Алеша увидел, что здорово прогадал, и у него даже затряслись губы от огорчения.
— Зачем же играть каждый день? — сказал он. — Завтра можно и не играть, а за сегодня я, так и быть, прощаю тебя.
— Что-что? — с удивлением спросила Наденька. — За что ты меня прощаешь?
— Ну за то, что ты съела конфету, — объяснил Алешка.
— Ты, видимо, дурачок, Алешка, — с обидной усмешкой сказала Наденька. — Свою конфету я всегда имею право съесть без твоего ослиного разрешения. Глупая я раньше была, что отдавала тебе такие вкусненькие конфетки. Теперь вот и завтра съем, и послезавтра, и послепослезавтра, и всегда-всегда! Понял?
— Ну и ешь, — мрачно ответил Алеша. — Мне не очень и хочется!
— «Не очень хочется»! — передразнила Наденька. — А сам тут как царь Кощей над каждой конфетой трясешься!
— Кто царь Кощей? Я царь Кощей? — закричал, рассердившись, Алешка.

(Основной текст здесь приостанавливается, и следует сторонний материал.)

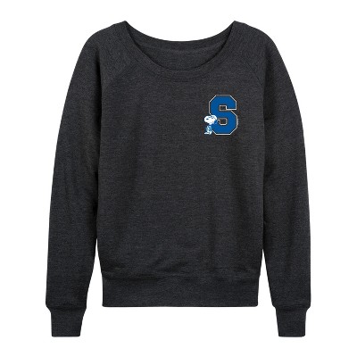 Women's - Peanuts - Snoopy School Lightweight French Terry Wide Neck Long Sleeve Graphic Shirt

И как стукнет сестру кулаком.
— А, так ты еще драться! — сказала Наденька и, схватив Алешку за волосы, дернула с такой силой, что у него из глаз искры посыпались.
— А-а! — завопил Алешка и принялся размахивать во все стороны кулаками и лягаться ногами.
Но Наденька крепко держала его за волосы, и он ничего не мог ей сделать.
Как раз в это время с работы вернулся папа. Наденька услыхала, что кто-то вошел в прихожую, и выпустила из рук Алешкины волосы.
— Вот скажу папе, что ты съела конфету! — прошипел Алешка, грозя сестре кулаком.
— Как будто папа дал мне эту конфету не для того, чтобы я ее съела, — сказала Наденька. — У, глупый!
— Вот скажу, что все время называешь меня глупым.
— Как же тебя называть, если ты и есть глупый?
— Вот скажу папе, что ты не занималась сегодня на пианино.
— Не смей, слышишь! Я ведь занималась! Ах ты!..
Наденька не успела договорить, потому что в комнату вошел папа.
— Ну, механики, как дела? — весело спросил он.
Когда у папы бывает хорошее настроение, он почему-то всегда своих детей механиками называет. Увидев, что дети почему-то молчат и сердито смотрят на него исподлобья, папа удивился и спросил:
— Что тут у вас случилось?
— Ничего, — ответила Наденька.
— Совсем-совсем ничего?
— Совсем-совсем ничего.
— Что-то не верится! — покачал головой папа. — А ты почему сегодня такой лохматый? — спросил он Алешу.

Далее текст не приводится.